Art's Conduct: Bittersweet =10=

166 5 3
                                    

= 10 =

My head fell horizontally prone to  the table, rolling it around between a mixture of mild starvation and drastic irritation syndrome. I huffed a silent plea before hauling my indignant and helpless figure back into the fire pit called the living room, but any portion of the mansion could have been considered a fire pit. The dining room was a fire pit. The kitchen was a fire pit. The hallway was a fire pit. Even the dog next door was a fire pit, and he wasn't even resident to this hulk of a building!

It proved just how much this place was sickening.

I must have done something in my previous life, if I did have a previous life, angering the president of some miniature country or other, so that now, I had to suffer because of the deed I'd accomplished, or I could have invaded a colony that was on the verge of recovery from a terrible outbreak of malaria. Or, maybe. Just maybe. I had to stop reading Lore's monthly issues when I had nothing better to do than read heated banter about whether or not they should allow geneticists to sacrifice embryos for the benefit of stem cell contribution to living, breathing tissue because this was getting utterly ridiculous.

In two months time, I wouldn't be surprised if I managed to name the embryonic stages of a life form as well as the sections and subsections of the brain, and seeing as I could already recite the parietal lobe, temporal lobe, frontal lobe, and occipital lobe without batting a lid, the timing couldn't have been any more impeccable, and what more? 

I knew the hypothalamus controlled temperature.
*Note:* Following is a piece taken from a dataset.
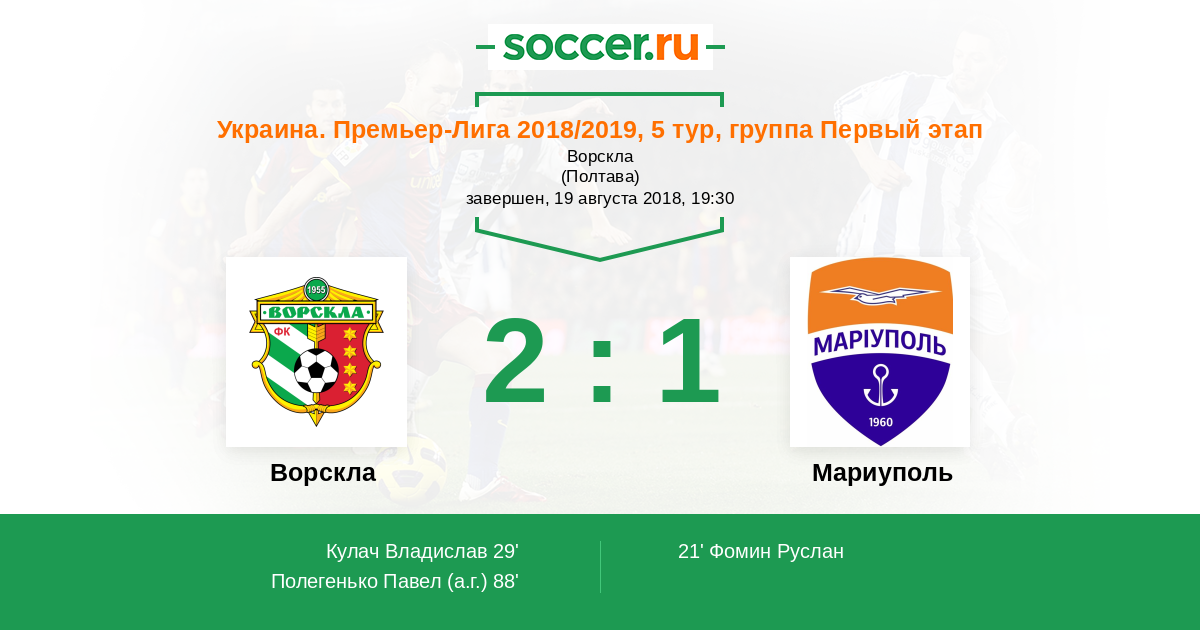 Протокол матча Ворскла против Мариуполь

Shoot me now before I evolved into an endoplasmic blob of evolving malignant tumors, spouting medical terms like a prophet of zeal because there were no apparent signs of closure if this progressed.

I plopped listlessly on a random couch and shook my head violently so that my hair stood at odd ends, making me appear like Machu Picchu, but in a worse calamity than it was now, and possibly some Incas to add as a form of decorative beads because a few moments in the dining area confirmed the embarassing notion that I had been munching on none other than plastic decorum intended for the gala.

I had such rotten luck!

I shook my head again and pouted solemnly.

No wonder they looked too good to be real. They were only decorative pieces to taunt guests that they should have taken a bite to eat before leaving, and I would have done so already if I wasn't holed up in this darn place.

Anything would have been better than here, like a sinkhole or a mantle of vermin infestation, even playing the weeds in a ballet would have been ideal, yet there stood the cumbersome facts that a single layer of dirt wouldn't be wet enough to provide a sinkhole of any sort; I was probably inhabiting the most sterile environment in all of France, if we were still in France at all; and I didn't hold the grace of that at which a ballerina could withstand because gravity seemed to have problems with upholding my weight at proper order, or at least, when standing on my toes.

It was that or I had fragile bones and muscles networking my toes and soles.

A platter of well-adorned crème brûlée came into my line of vision, right as my stomach emitted a belching yelp that left me keeling over.

"Take it," Davin's voice gruff with a strange sense of warmth, not fake or forced. Just that. Warmth.

I inspected it closely, and after concluding it appeared harmless and lacked a form of laxatives, I took the spoon from his hand and dug in, almost smearing the whole dish onto my cheeks, but when one was on the edge of starvation, no one would question the habituals of a human being.